- TASK TO CARRY OUT
Apart from the pictures, everything in the lines below must be printed exactly.

- SOURCE MATERIAL
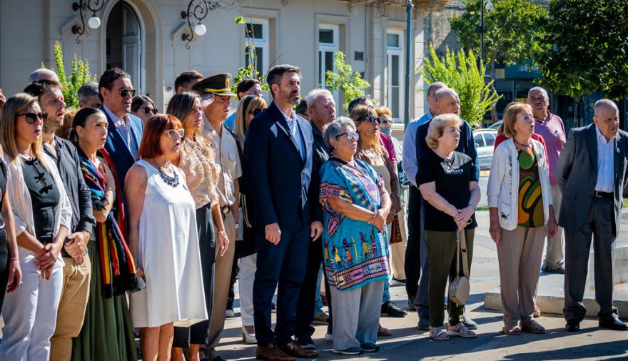 El Gobierno de Junín, junto a la Asociación Cultural Sanmartiniana, llevó a cabo el acto oficial, que inició con el izamiento del pabellón nacional y la entonación del himno, con la presencia del Intendente Juan Fiorini, la presidente del Honorable Concejo Deliberante, Dra. Agustina de Miguel, la presidenta de la Asociación Cultural Sanmartiniana, Ana María Trinidad, el presidente de la Federación de Sociedades de Fomento, Julio Míguez, y el Jefe del Grupo de Artillería 10, Teniente Coronel Gonzalo Crespo.
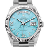 Rolex Day-Date 36 Turquoise Diamond Dial Fluted Bezel White gold President Watch 128239
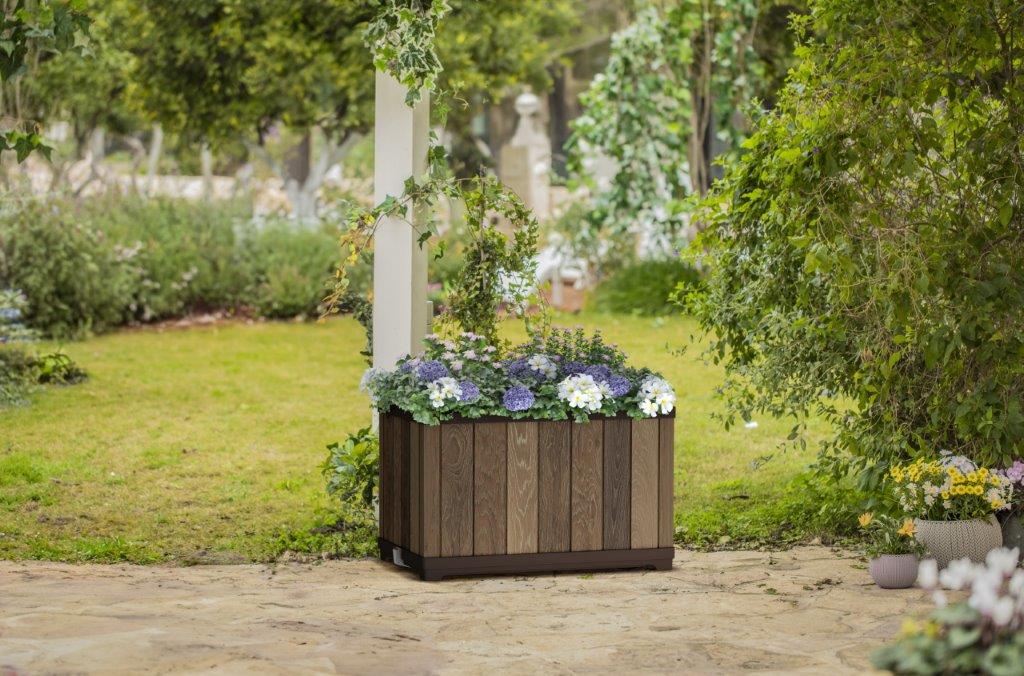 A DecoCoat technológia révén a virágtartó ellenáll az időjárási hatásoknak, rozsdásodásnak és korhadásnak. Színét hosszú ideig megőrzi, így még évek múlva is úgy néz ki, mintha új lenne. A falak fa hatású textúrája természetes megjelenést biztosít, ráadásul karbantartása is egyszerű.

- EXPECTED ANSWER
 El Gobierno de Junín, junto a la Asociación Cultural Sanmartiniana, llevó a cabo el acto oficial, que inició con el izamiento del pabellón nacional y la entonación del himno, con la presencia del Intendente Juan Fiorini, la presidente del Honorable Concejo Deliberante, Dra. Agustina de Miguel, la presidenta de la Asociación Cultural Sanmartiniana, Ana María Trinidad, el presidente de la Federación de Sociedades de Fomento, Julio Míguez, y el Jefe del Grupo de Artillería 10, Teniente Coronel Gonzalo Crespo.
 Rolex Day-Date 36 Turquoise Diamond Dial Fluted Bezel White gold President Watch 128239
 A DecoCoat technológia révén a virágtartó ellenáll az időjárási hatásoknak, rozsdásodásnak és korhadásnak. Színét hosszú ideig megőrzi, így még évek múlva is úgy néz ki, mintha új lenne. A falak fa hatású textúrája természetes megjelenést biztosít, ráadásul karbantartása is egyszerű.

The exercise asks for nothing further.